___ Materials provided ___

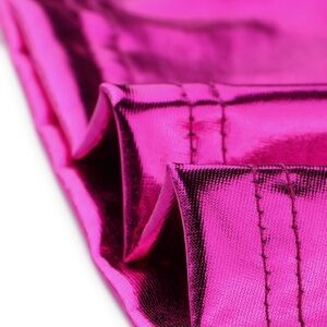 Shiny pink mini dress. Sleeveless design. Flared skirt. Perfect for parties.
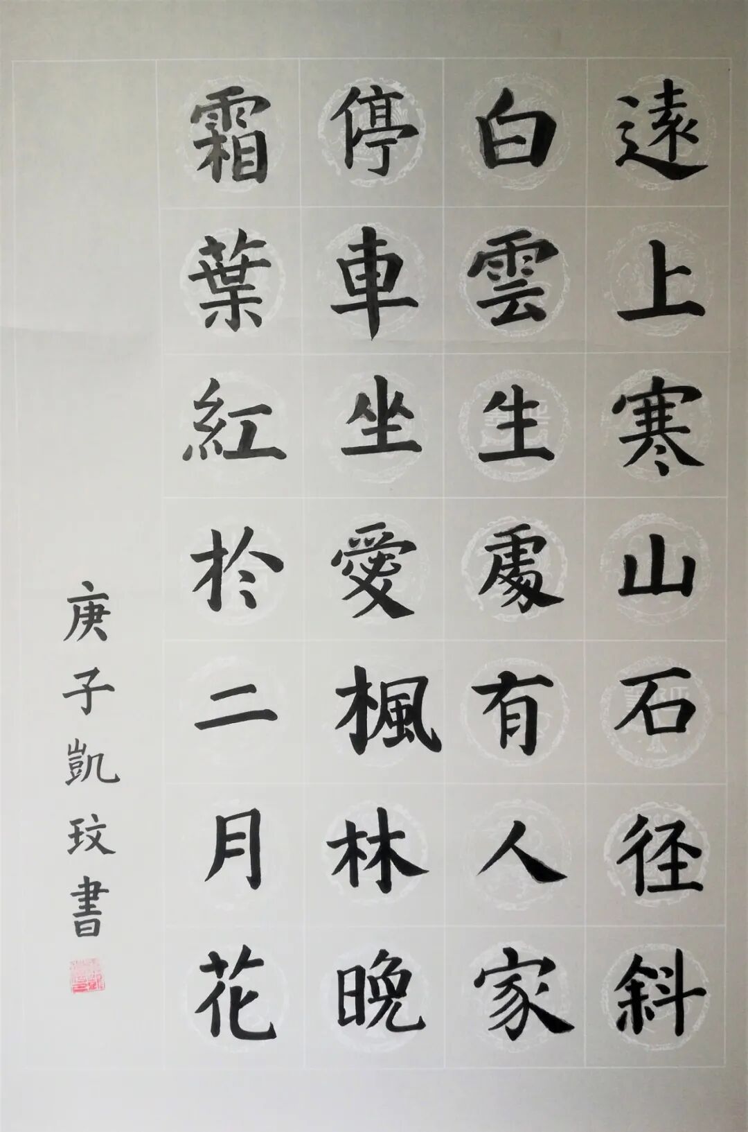 9 书法组 作者信息:邱子涵 长清区石磷小学 12岁 参赛作品名称:黄鹤楼送孟浩然之广陵 作品尺寸:70×44cm 作品点评:整幅作品章法不错,很秀气,看出来基本功比较扎实。可以再加强点画和结构的联系,同时丰富用笔。
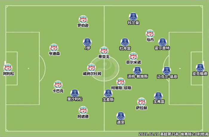 基于当年率领那不勒斯造访安菲尔德时的经验,安切洛蒂在2020/21赛季次回合默西塞德德比中再次使用三中卫/五后卫阵型。迈克尔-基恩身边是机动性很强的霍尔盖特和戈弗雷,有效地封锁住了肋部空间。彼时刚刚伤愈的勒温和阿兰被留作后手,安切洛蒂让里沙利松突前,汤姆-戴维斯协助安德烈-戈麦斯出球,掩护J罗和迪涅插上助攻。
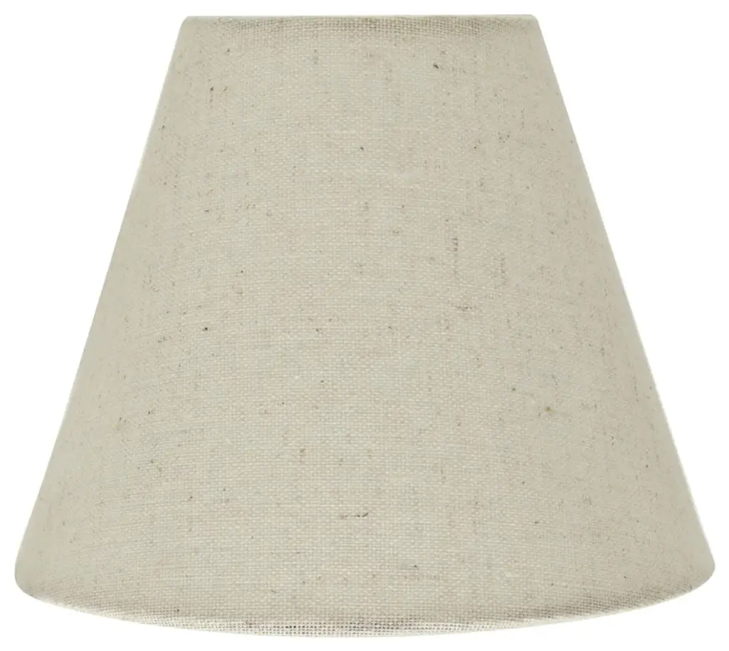 Aspen Creative is dedicated to offering a wide assortment of attractive and well-priced portable lamps, kitchen pendants, vanity wall fixtures, outdoor lighting fixtures, lamp shades, and lamp accessories. We have in-house designers that follow current trends and develop cool new products to meet those trends. Product Detail• Hardback Empire Shape Transitional (Mini Chandelier Lamp Shades) in Oatmeal• Hardback Empire (clip on) Replacement Shade | Linen fabric• Clip-on style fitter designed for bare Torpedo chandelier bulbs (bend tip bulbs not recommended) either in candelabra base (E12) or medium base (E26), light bulbs not included• Clip On Lamp Shade Dimensions: 3" top x 6" bottom x 5" slant height
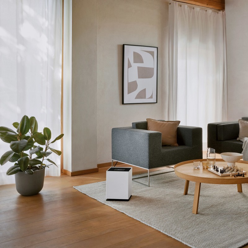 Nawilżacz Noah wykorzystuje technologię ewaporacji, dostarczając do 800 ml wody na godzinę, co zapewnia naturalne i równomierne nawilżanie powietrza w dużych i wysokich pomieszczeniach. Cztery poziomy nawilżania oraz funkcja turbo umożliwiają szybkie podniesienie wilgotności przy jednoczesnym niskim zużyciu energii. Opcjonalny zapach może być rozprowadzany w całym pomieszczeniu dzięki dozownikowi zapachów. Wilgotność, poziom wody oraz inne funkcje urządzenia można monitorować i sterować za pomocą aplikacji.
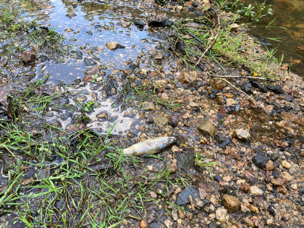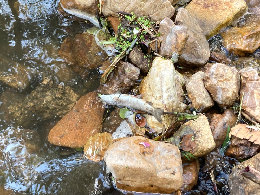 Mrtvé ryby v Harcovském potoce na přehradě.
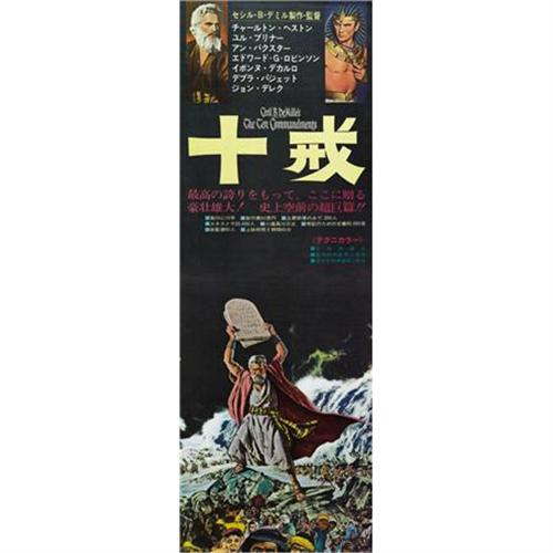 <B>The Ten Commandments (Paramount, 1956).</B></I> Japanese STB (20" X 58"). While critics have argued the film's claim of authenticity, there is no debating the popularity of "The Ten Commandments" with audiences of all faiths. Using state of the art special effects for its day, the film dazzled audiences with the "parting of the Red Sea" scene, a feat that won the movie an Oscar for special effects in 1956, beating out "Forbidden Planet" for the award. This rolled, original release Japanese poster features great images of Charlton Heston, casting down God's Law upon the people of Israel, and Yul Brynner as his brother-turned-archnemesis Ramses. There are a few tiny edge tears and light wrinkling but they in no way distract from the beauty and power of the artwork. Rolled, Near Mint. <BR><BR><b>Shipping:</b> Rolled Material (<a target="_blank" href="http://www.heritageauctions.com/common/shipping.php">view shipping information</a>)
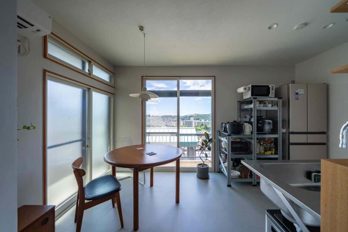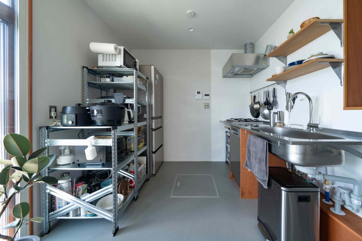 この家が持つ横長の空間をうまく使い、キッチン・ダイニングは1階に、リビングは2階に配置しました。
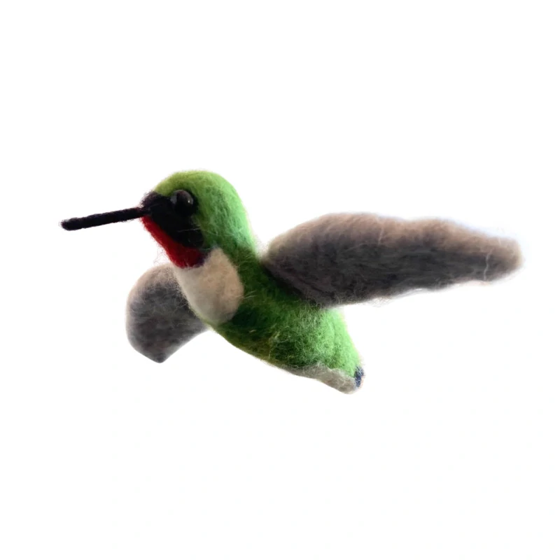 Tento jemný plstěný kolibřík je vytvořený tradiční technikou suchého plstění jehlou, při které se ovčí vlna postupně zpevňuje a tvaruje pomocí speciální jehly s mikroháčky. Každý kus vzniká ručně, bez forem a strojů, takže je naprostý originál.
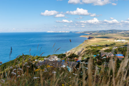 Eype Beach, UK - July 25, 2020: Scenic view over the flowers of Eype Beach, a secluded and unspoiled beach on Dorset’s Jurassic Coast, coastline and and the carpark. Selective focus.
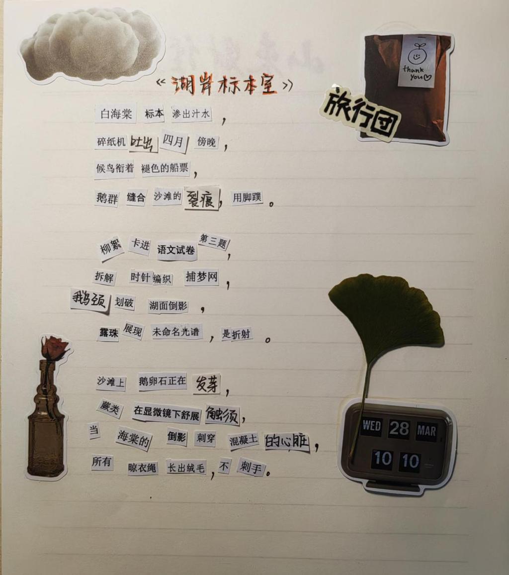 青春剪影,诗意飞扬,MG电子 成功开展了“意剪生活画,诗写青春风”主题拼贴诗活动。同学们凭借大胆想象力,将看似毫无关联的文字碎片,重新组合成富有深意的诗篇,尽情体验文字碰撞与重组带来的纯粹乐趣,为略显单调的校园生活注入新的诗意,让青春在文字的海洋中绽放别样光彩。

___

### What is needed
Leave the pictures aside and give the records above back word for word.

### Result of the task
 Shiny pink mini dress. Sleeveless design. Flared skirt. Perfect for parties.
 9 书法组 作者信息:邱子涵 长清区石磷小学 12岁 参赛作品名称:黄鹤楼送孟浩然之广陵 作品尺寸:70×44cm 作品点评:整幅作品章法不错,很秀气,看出来基本功比较扎实。可以再加强点画和结构的联系,同时丰富用笔。
 基于当年率领那不勒斯造访安菲尔德时的经验,安切洛蒂在2020/21赛季次回合默西塞德德比中再次使用三中卫/五后卫阵型。迈克尔-基恩身边是机动性很强的霍尔盖特和戈弗雷,有效地封锁住了肋部空间。彼时刚刚伤愈的勒温和阿兰被留作后手,安切洛蒂让里沙利松突前,汤姆-戴维斯协助安德烈-戈麦斯出球,掩护J罗和迪涅插上助攻。
 Aspen Creative is dedicated to offering a wide assortment of attractive and well-priced portable lamps, kitchen pendants, vanity wall fixtures, outdoor lighting fixtures, lamp shades, and lamp accessories. We have in-house designers that follow current trends and develop cool new products to meet those trends. Product Detail• Hardback Empire Shape Transitional (Mini Chandelier Lamp Shades) in Oatmeal• Hardback Empire (clip on) Replacement Shade | Linen fabric• Clip-on style fitter designed for bare Torpedo chandelier bulbs (bend tip bulbs not recommended) either in candelabra base (E12) or medium base (E26), light bulbs not included• Clip On Lamp Shade Dimensions: 3" top x 6" bottom x 5" slant height
 Nawilżacz Noah wykorzystuje technologię ewaporacji, dostarczając do 800 ml wody na godzinę, co zapewnia naturalne i równomierne nawilżanie powietrza w dużych i wysokich pomieszczeniach. Cztery poziomy nawilżania oraz funkcja turbo umożliwiają szybkie podniesienie wilgotności przy jednoczesnym niskim zużyciu energii. Opcjonalny zapach może być rozprowadzany w całym pomieszczeniu dzięki dozownikowi zapachów. Wilgotność, poziom wody oraz inne funkcje urządzenia można monitorować i sterować za pomocą aplikacji.
 Mrtvé ryby v Harcovském potoce na přehradě.
 <B>The Ten Commandments (Paramount, 1956).</B></I> Japanese STB (20" X 58"). While critics have argued the film's claim of authenticity, there is no debating the popularity of "The Ten Commandments" with audiences of all faiths. Using state of the art special effects for its day, the film dazzled audiences with the "parting of the Red Sea" scene, a feat that won the movie an Oscar for special effects in 1956, beating out "Forbidden Planet" for the award. This rolled, original release Japanese poster features great images of Charlton Heston, casting down God's Law upon the people of Israel, and Yul Brynner as his brother-turned-archnemesis Ramses. There are a few tiny edge tears and light wrinkling but they in no way distract from the beauty and power of the artwork. Rolled, Near Mint. <BR><BR><b>Shipping:</b> Rolled Material (<a target="_blank" href="http://www.heritageauctions.com/common/shipping.php">view shipping information</a>)
 この家が持つ横長の空間をうまく使い、キッチン・ダイニングは1階に、リビングは2階に配置しました。
 Tento jemný plstěný kolibřík je vytvořený tradiční technikou suchého plstění jehlou, při které se ovčí vlna postupně zpevňuje a tvaruje pomocí speciální jehly s mikroháčky. Každý kus vzniká ručně, bez forem a strojů, takže je naprostý originál.
 Eype Beach, UK - July 25, 2020: Scenic view over the flowers of Eype Beach, a secluded and unspoiled beach on Dorset’s Jurassic Coast, coastline and and the carpark. Selective focus.
 青春剪影,诗意飞扬,MG电子 成功开展了“意剪生活画,诗写青春风”主题拼贴诗活动。同学们凭借大胆想象力,将看似毫无关联的文字碎片,重新组合成富有深意的诗篇,尽情体验文字碰撞与重组带来的纯粹乐趣,为略显单调的校园生活注入新的诗意,让青春在文字的海洋中绽放别样光彩。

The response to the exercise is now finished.